### Aim of the exercise
If an entry contains a picture, omit that picture and transcribe everything else exactly.
━━ Data under study
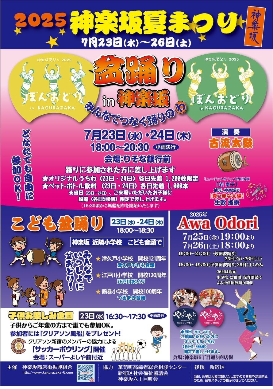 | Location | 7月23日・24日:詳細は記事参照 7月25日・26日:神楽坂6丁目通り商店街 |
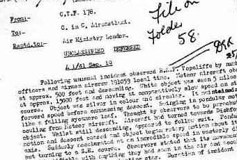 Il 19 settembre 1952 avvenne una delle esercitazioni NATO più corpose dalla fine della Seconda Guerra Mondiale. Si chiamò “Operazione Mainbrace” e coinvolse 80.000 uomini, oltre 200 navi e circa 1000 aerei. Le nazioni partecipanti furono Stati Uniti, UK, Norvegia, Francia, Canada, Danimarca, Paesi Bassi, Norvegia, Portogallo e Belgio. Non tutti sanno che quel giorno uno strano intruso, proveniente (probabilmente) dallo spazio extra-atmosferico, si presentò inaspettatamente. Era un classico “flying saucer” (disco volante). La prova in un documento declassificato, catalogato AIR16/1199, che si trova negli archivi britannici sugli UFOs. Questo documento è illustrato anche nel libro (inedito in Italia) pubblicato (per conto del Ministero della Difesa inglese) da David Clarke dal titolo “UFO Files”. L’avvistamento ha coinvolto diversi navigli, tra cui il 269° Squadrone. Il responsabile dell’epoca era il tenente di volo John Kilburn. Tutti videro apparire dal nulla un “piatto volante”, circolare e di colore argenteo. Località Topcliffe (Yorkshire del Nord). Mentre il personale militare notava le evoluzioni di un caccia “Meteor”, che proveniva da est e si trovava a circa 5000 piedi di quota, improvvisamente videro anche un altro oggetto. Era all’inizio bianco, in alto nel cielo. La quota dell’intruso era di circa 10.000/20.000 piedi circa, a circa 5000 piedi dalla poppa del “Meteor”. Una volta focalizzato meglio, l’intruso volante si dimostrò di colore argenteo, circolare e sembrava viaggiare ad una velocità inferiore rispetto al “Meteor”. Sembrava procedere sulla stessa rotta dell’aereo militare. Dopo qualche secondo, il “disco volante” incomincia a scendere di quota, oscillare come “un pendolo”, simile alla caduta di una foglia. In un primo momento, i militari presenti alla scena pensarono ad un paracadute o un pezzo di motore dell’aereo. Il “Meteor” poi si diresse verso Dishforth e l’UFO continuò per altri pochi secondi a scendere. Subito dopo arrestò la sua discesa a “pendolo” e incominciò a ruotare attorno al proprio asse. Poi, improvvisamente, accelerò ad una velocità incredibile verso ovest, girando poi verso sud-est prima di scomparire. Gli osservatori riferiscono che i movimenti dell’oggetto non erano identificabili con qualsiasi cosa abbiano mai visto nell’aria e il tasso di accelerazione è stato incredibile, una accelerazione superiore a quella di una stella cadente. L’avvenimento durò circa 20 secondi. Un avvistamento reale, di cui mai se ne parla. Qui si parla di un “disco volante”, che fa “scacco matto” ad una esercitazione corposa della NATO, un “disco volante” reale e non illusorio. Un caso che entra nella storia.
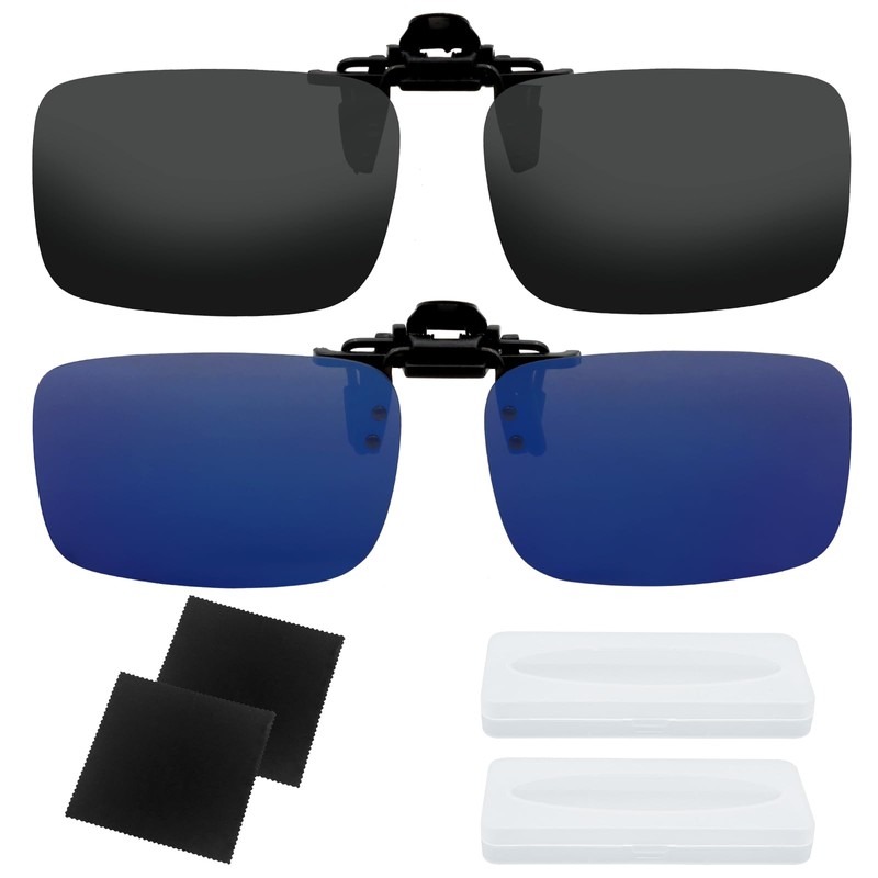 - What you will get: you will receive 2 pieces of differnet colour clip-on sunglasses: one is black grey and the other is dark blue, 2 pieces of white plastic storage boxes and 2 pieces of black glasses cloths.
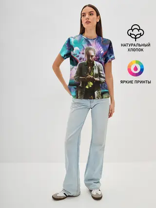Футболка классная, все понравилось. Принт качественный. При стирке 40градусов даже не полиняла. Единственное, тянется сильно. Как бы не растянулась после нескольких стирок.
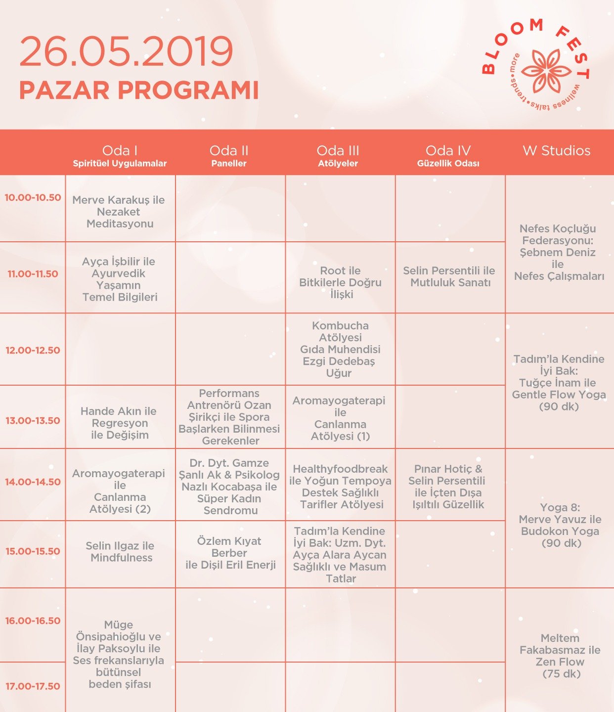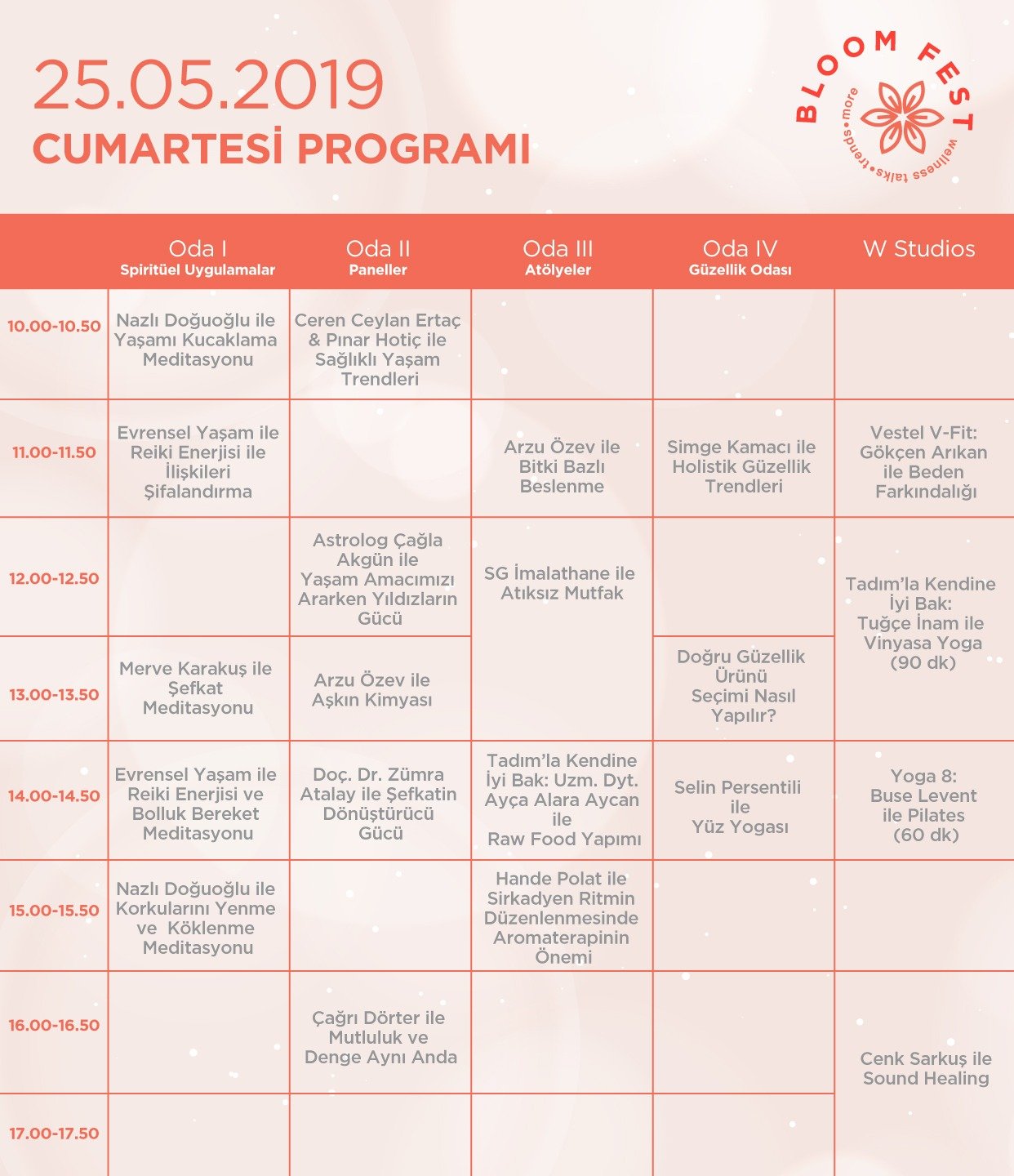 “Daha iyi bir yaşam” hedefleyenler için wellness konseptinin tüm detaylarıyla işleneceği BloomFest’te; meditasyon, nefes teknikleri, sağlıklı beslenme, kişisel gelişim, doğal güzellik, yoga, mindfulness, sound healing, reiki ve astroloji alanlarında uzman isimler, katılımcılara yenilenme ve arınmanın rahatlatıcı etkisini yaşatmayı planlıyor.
━━━━
### Expected answer
 | Location | 7月23日・24日:詳細は記事参照 7月25日・26日:神楽坂6丁目通り商店街 |
 Il 19 settembre 1952 avvenne una delle esercitazioni NATO più corpose dalla fine della Seconda Guerra Mondiale. Si chiamò “Operazione Mainbrace” e coinvolse 80.000 uomini, oltre 200 navi e circa 1000 aerei. Le nazioni partecipanti furono Stati Uniti, UK, Norvegia, Francia, Canada, Danimarca, Paesi Bassi, Norvegia, Portogallo e Belgio. Non tutti sanno che quel giorno uno strano intruso, proveniente (probabilmente) dallo spazio extra-atmosferico, si presentò inaspettatamente. Era un classico “flying saucer” (disco volante). La prova in un documento declassificato, catalogato AIR16/1199, che si trova negli archivi britannici sugli UFOs. Questo documento è illustrato anche nel libro (inedito in Italia) pubblicato (per conto del Ministero della Difesa inglese) da David Clarke dal titolo “UFO Files”. L’avvistamento ha coinvolto diversi navigli, tra cui il 269° Squadrone. Il responsabile dell’epoca era il tenente di volo John Kilburn. Tutti videro apparire dal nulla un “piatto volante”, circolare e di colore argenteo. Località Topcliffe (Yorkshire del Nord). Mentre il personale militare notava le evoluzioni di un caccia “Meteor”, che proveniva da est e si trovava a circa 5000 piedi di quota, improvvisamente videro anche un altro oggetto. Era all’inizio bianco, in alto nel cielo. La quota dell’intruso era di circa 10.000/20.000 piedi circa, a circa 5000 piedi dalla poppa del “Meteor”. Una volta focalizzato meglio, l’intruso volante si dimostrò di colore argenteo, circolare e sembrava viaggiare ad una velocità inferiore rispetto al “Meteor”. Sembrava procedere sulla stessa rotta dell’aereo militare. Dopo qualche secondo, il “disco volante” incomincia a scendere di quota, oscillare come “un pendolo”, simile alla caduta di una foglia. In un primo momento, i militari presenti alla scena pensarono ad un paracadute o un pezzo di motore dell’aereo. Il “Meteor” poi si diresse verso Dishforth e l’UFO continuò per altri pochi secondi a scendere. Subito dopo arrestò la sua discesa a “pendolo” e incominciò a ruotare attorno al proprio asse. Poi, improvvisamente, accelerò ad una velocità incredibile verso ovest, girando poi verso sud-est prima di scomparire. Gli osservatori riferiscono che i movimenti dell’oggetto non erano identificabili con qualsiasi cosa abbiano mai visto nell’aria e il tasso di accelerazione è stato incredibile, una accelerazione superiore a quella di una stella cadente. L’avvenimento durò circa 20 secondi. Un avvistamento reale, di cui mai se ne parla. Qui si parla di un “disco volante”, che fa “scacco matto” ad una esercitazione corposa della NATO, un “disco volante” reale e non illusorio. Un caso che entra nella storia.
 - What you will get: you will receive 2 pieces of differnet colour clip-on sunglasses: one is black grey and the other is dark blue, 2 pieces of white plastic storage boxes and 2 pieces of black glasses cloths.
Футболка классная, все понравилось. Принт качественный. При стирке 40градусов даже не полиняла. Единственное, тянется сильно. Как бы не растянулась после нескольких стирок.
 “Daha iyi bir yaşam” hedefleyenler için wellness konseptinin tüm detaylarıyla işleneceği BloomFest’te; meditasyon, nefes teknikleri, sağlıklı beslenme, kişisel gelişim, doğal güzellik, yoga, mindfulness, sound healing, reiki ve astroloji alanlarında uzman isimler, katılımcılara yenilenme ve arınmanın rahatlatıcı etkisini yaşatmayı planlıyor.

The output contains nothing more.